2022年10月12日
高校生や大学生に向けたジェンダーについて考える入門書「ジェンダーのとびらを開こうー自分らしく生きるために」村田晶子・森脇健介・矢内琴江(長崎大学 ダイバーシティ推進センター・准教授)・弓削尚子 共著が9月21日に出版されました。共著者はそれぞれ教育学、法学、歴史学と分野が異なります。それぞれの研究の中でジェンダーの視点から考えてきたこと、大学の授業の中で学生たちとのコミュニケーションの中で考えてきたこと、日常生活の中の疑問や違和感から考えてきたことを、何度も話し合いながらこの本を書きました。共著者の私たちそれぞれの専門性や経験を活かして作ったジェンダーの本です。
『ジェンターのとびらを開こう 自分らしく生きるために』 著 者:村田晶子・森脇健介・矢内琴江・弓削尚子 定 価:1,881円 kindle版 1,980円 単行本(ソフトカバー) 体 裁:320ページ 出版社:大和出版 |
この本では、高校生と大学生が、ジェンダーの視点から、セクシュアリティ、家族、恋愛、ファッション、カルチャー、学校、キャリアといったテーマを通して、自分たちの日常や社会のあり方について考えます。登場人物たちは対話を通して、今まで気にも留めてなかったこと、自分の中の偏見や差別に気が付いたり、モヤモヤしていたけど言葉にならなかったものの正体がはっきりしたりしていきます。そして、少しずつ、自分はどんな風に生きたいのかについて考え深めていきます。
この本を手にとった人も、この本を通して、こんなふうな生き方をしたい、こんなふうな私になりたいといった願いが少しでも描けると良いなと思っています。ジェンダーのとびらを開くということは、「自分らしく生きること」の探究の始まりだと考えるからです。

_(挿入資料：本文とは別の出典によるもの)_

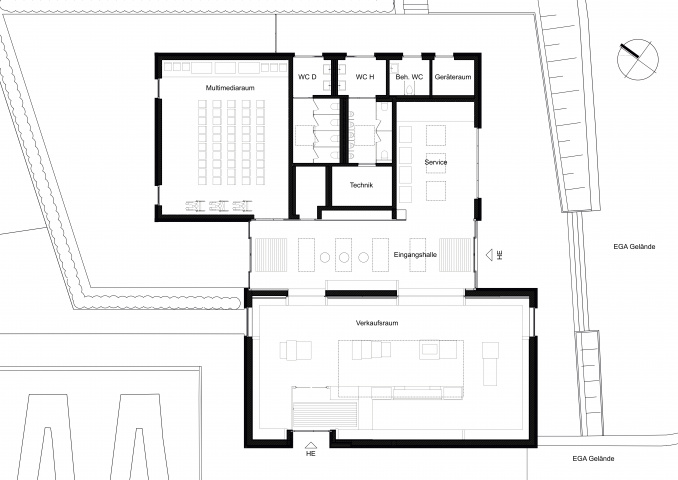 Das neue Besucherzentrum fasst die bestehende Eingangs- und Vorplatzsituation der ega auf der Süd-Ost-Seite. Das dort bisher vorhandene, ehemalige Postgebäude wird komplett zurück gebaut. Die neue Gebäudestruktur gliedert sich in drei miteinander verbundene Baukörper auf. Der zum Vorplatz gestellte Bauteil nimmt dabei exakt die Grundmaße des ehemaligen Postgebäudes auf. Damit die vorhandene Eingangsüberdachung auf dieser Seite die dringend räumlich notwendige Fassung erfährt wurde der neue Baukörper jedoch gegenüber dem Bestandsbau erhöht. Somit legt sich die filigrane Eingangsüberdachung ruhig zwischen das Verwaltungsgebäude auf der einen und den Neubau auf der anderen Seite. Der Vorplatz bekommt eine räumlich angemessene Einfassung. Das neue Gebäudeensemble gliedert sich optisch in drei Baukörper auf. Die bewusst gewählte Verschiebung der Baukörper zueinander, die unterschiedliche Fassadenmaterialien und -farben sowie die Höhenentwicklung machen diese Aufteilung deutlich ablesbar. Dominierend ist dabei der zum Vorplatz/Eingangsbereich der ega angeordnete helle Kubus. Er nimmt den neuen Shopbereich auf. Der zweite Baukörper ist wesentlich dunkler gestaltet und etwas nach hinten versetzt. Dadurch nimmt er sich bewusst optisch zurück. Als gleichzeitig trennendes und verbindendes Element funktioniert der komplett verglaste und optisch tiefer liegende Eingangs- und Erschließungsbereich zwischen diesen Baukörpern. Das sich aus dem Verbinder heraus entwickelnde Vordach umspannt horizontal den zurück gesetzten Baukörper wie eine Klammer und hält somit die Gebäudekomposition zusammen. Symbolhaft schneidet sich die hoch aufragende Infosteele durch das Vordach. Um Sie weithin als Zeichen deutlich sichtbar zu machen, überragt sie die restlichen Gebäudeteile erheblich und erhält die für die ega signifikante Farbgebung. Das neue Gebäude orientiert sich von der Höhenlage her am Vorplatz- und Eingangsbereich zur ega. Aus funktionalen und erschließungstechnischen Gründen entsteht ein Plateau um das Gebäude, das sich über eine lang gezogene begrünte Böschung wieder behutsam in den vorhandenen Geländeverlauf einbettet. Auf der Rückseite der Gebäude entsteht ein eingefasster Außenbereich, welcher multifunktional genutzt werden kann. Vom ega-Parkgelände erschließt man das Gebäude fußläufig über die vorgelagerte Treppenanlage oder den barrierefreien seitlich angeordneten Weg. Das Foyer fließt durch das Gebäude hindurch und mündet in den hinter gelagerten multifunktionalen Außenbereich. Hier kann man sich bereits mit verschiedenen Medien umfangreich informieren, in Selbstbedienung einen Kaffee trinken oder einfach nur verweilen. Seitlich sind die Funktionsbereiche angelagert. Zum Vorplatz im weißen Kubus ist der Shop untergebracht. Der abfließende Besucherverkehr wird künftig in der Regel über das Besucherzentrum und somit durch den Shop organisiert. Die zum Vorplatz/Eingangsbereich der ega orientierte Türanlage kann aber auch bei geringen Besucherzahlen, etwa in den frühen Morgenstunden oder außerhalb der Saison, als Haupteingang für die gesamte Anlage genutzt werden. Somit ist das Besetzen der normalen Kassenhäuschen unter der Eingangsüberdachung in diesen Zeiten nicht notwendig. Der Shopbereich wird von einem großen Oberlicht gleichmäßig mit natürlichem Licht versorgt. Der Raum ist umlaufend mit einem flexibel konfektionierbaren Regalsystem ausgebaut, in dem die Waren, auf den Bedarf angepasst, angeboten werden können. Ein Tresen und frei im Raum eingestreute, bewegliche, auf das Regalsystem abgestimmte boxenförmige Elemente dienen ebenfalls zur Präsentation der Ware und lassen den Raum leben. Auf der anderen Seite des Verbinders befindet sich ein Ausstellungsraum in dem Blumen und Pflanzen erworben werden können, das Personal-WC und der Multifunktionalraum. Er dient in der Regel für Kurzfilmvorführungen im normalen ega-Betrieb. Er fasst ca. 50 Personen und kann mit wenig Aufwand auch zu einem Konferenzraum oder für Feierlichkeiten umgestaltet werden. Die Filmvorführungen können vom Tresen des Shops bzw. von der Tür aus gestartet werden oder laufen automatisch ab. Der Raum wird auf die akustischen Bedürfnisse zugeschnitten ausgebaut. Den Rücken dieses Gebäudeteils bilden auf der Ostseite die WC-Anlagen, die Technik und das Lager. Die Zugänge zu den WC`s sind bewusst auf die Rückseite gelegt worden, damit der teilweise zu erwartende starke Besucherstrom entzerrt wird. Die WC-Anlagen erhalten ebenfalls Oberlichter zur natürlichen Belichtung. Der multifunktionale Freibereich hinter dem Gebäude kann für Feierlichkeiten, zur Warenpräsentation oder einfach nur als Erweiterungsfläche und Stauraum für den Besucherstrom genutzt werden. Er wird zum Zuwegungsbereich der ega durch eine abgewinkelte Sichtbetonmauer mit Sichtschlitz gefasst. Somit ist der Raum in sich geschützt aber es besteht die Möglichkeit das Geschehen außerhalb zu beobachten. Im Sichtschlitz können wie in einer Blumenbank Pflanzen nach außen wie nach innen, präsentiert werden. Zum rückwärtigen Angestelltenparkplatz dient eine Hecke als Sichtschutz und grüne Raumbegrenzung. Die bewusst kleinteilige Körpersprache im Zusammenspiel mit der Stellung der Baukörper zueinander und der ruhigen aber doch teilweise signifikanten Farbgebung erzeugen eine gestalterisch stimmige Gebäudekomposition mit hoher Funktionalität. Diese bettet sich hervorragend in das Erscheinungsbild des Eingangsbereichs der ega ein und wertet ihn durch die bewusste Fassung der Eingangsüberdachung auf der Ostseite erheblich auf. Das neue Besucherzentrum stellt nicht zuletzt im Hinblick auf die kommende BuGa 21 wertvolle neue innen- und außenräumliche Flächen und Strukturen zur Verfügung.

さて、長崎大学にもダイバーシティ推進センターがあります。当センターも、長崎大学で働いたり、学んだりしているすべての人が、その人らしい力を発揮できるようサポートしたいと考えています。そのために、様々な取り組みをしています。例えば、この4月に発行された『LGBT+ガイドライン』の改訂版は、学内の制度だけではなく、LGBT+に関する基本的な理解や多様性を大事にした表現ガイドを盛り込んだ内容になっています。また、「ダイバーシティ推進学習プログラム」を開講しています。
e-learningや月1のセミナーによってダイバーシティについての理解を深めます。12月には市民公開講座の開催を予定し、大学だけではなく地域の一般の方々とも一緒に学ぶ機会を設けています。そして、様々な支援制度(介護と仕事の両立支援、ワークライフバランスの支援等)によって、どんな状況の人も、この大学で働き続けられることを応援しています。
長崎という多様性を受け入れてきた歴史のある地域の大学ならではの多様性の尊重の実現の仕方があるのではないかと思っています。